Stone pointed to the upper section of the clamshell. “Fingerprint fluorescer and imager, camera with multiple light frequencies, Mindspace field reader. Not that the last doesn’t act up in cases like these, with so much noise. Research is still working on it. To be honest, I’ve never had a reading be all that useful in the field. The mind’s a lot more useful tool. But Nelson likes documentation.”
He was toting around probably the most complex—and likely illegal—computer-based technology I’d seen since pictures of pre–Tech War life in history class. “Those are very sophisticated devices there,” I observed.
“Don’t worry. We have a secure storage facility for when the normals send their inspector. We’re careful,” Stone said.
Wow. I took a moment and absorbed the ethics of that, especially as Gustolf didn’t seem to blink an eye.
“Well.” I explained what I suspected about the device. “I’d like you both to put out feelers. We need to know who makes these things and who would have access to them.”
“I’ll make some inquiries, but it will take a while,” Stone
said. “Getting access to Research takes Nelson and a hell of a lot of paperwork.”
“Oh,” I said, now worried. If Nelson was behind it . . .
“I’ll ask,” Gustolf said. “We have cousins in the lab in Chicago who might be able to find out. I will contact you if they know anything.”
“Thanks,” I said.
I looked around again, at the physical location, the unmade bed, the stain on the floor, the burn marks, the smell. Trying to figure out if I’d missed anything.
My stomach rumbled, loudly. I was used to skipping meals under Cherabino’s driving pace, but it was maybe three in the afternoon and I hadn’t eaten since early this morning. “Food?” I asked. Was it odd that the smell wasn’t damping my appetite?
“If you want,” Stone said. “We were just leaving anyway.”
• • •
I pushed the elevator button for Level Five, the skybridge. The doors closed.
“Good work in there,” Stone repeated.
“Thanks.” Unable to help myself, I added, “Seems like way too much trouble for a regular suicide, don’t you think? Especially from a guy who’d throw out half his apartment to keep a suicide from happening?”
“Yeah,” he said, not happy.
The elevator stopped on Level Four, someone pushing through into the elevator. Stone was already off, too late.

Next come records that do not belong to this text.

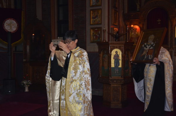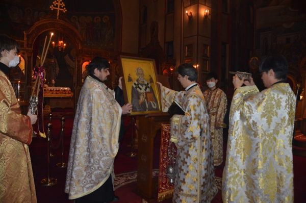 Just before the Dismissal, the clergy and the people knelt in prayer before the Icon of St. Nicholas and His miraculous Holy Relics and recited a special prayer for deliverance from the coronavirus and for the health of the whole world.
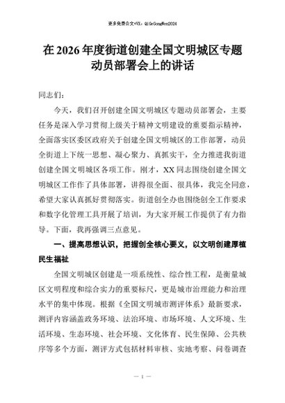 【七哥公文】2026年:在2026年度街道创建全国文明城区专题动员部署会上的讲话+更多免费公文+VX:QiGeGongWen2024
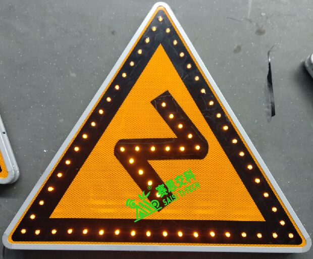 (一)提前預(yù)警坡道、彎道路段。隨著氣溫的持續(xù)降低,我國大部分地區(qū)全天候氣溫已出現(xiàn)零度以下數(shù)值,潮濕路面隨時有結(jié)冰的可能,普通道路采用降低車速管控尚可應(yīng)付,在坡道、彎道等路段,由于道路冰凝現(xiàn)象出現(xiàn),路面形成低摩擦系數(shù)的鏡面特征,緊急情況下的車輛制動已無法如平常一樣奏效,駕駛及制動預(yù)期已大打折扣,這將大大催生車輛在爬坡時倒溜、轉(zhuǎn)彎時側(cè)滑、危險情況下的制動距離增大等現(xiàn)象的發(fā)生概率,鑒于此,需要對冬季事故易發(fā)的坡道、彎道路段,進(jìn)行提前的動態(tài)限速(能根據(jù)天氣情況,實(shí)施設(shè)定道路限速值,如下圖左)、危險警告(采用LED外置點(diǎn)陣發(fā)光,如下圖左),增強(qiáng)路段司機(jī)的安全駕駛意識。

I followed. A long line of people stretched around the side wall, some standing, some sitting on the floor with their backs against the wall. One guy near the end scratched at his face too hard, over and over, and the people standing near him were pulled away as scratches spread through the whole line, one person after another scratching face, hands, arms absently.
An overwhelming fear feeling came from the man at the end of the line, and I shielded up to my gills. Suicide or homicide, the Guild still had the Madness contagion to worry about. And me—well, I had that to worry about too.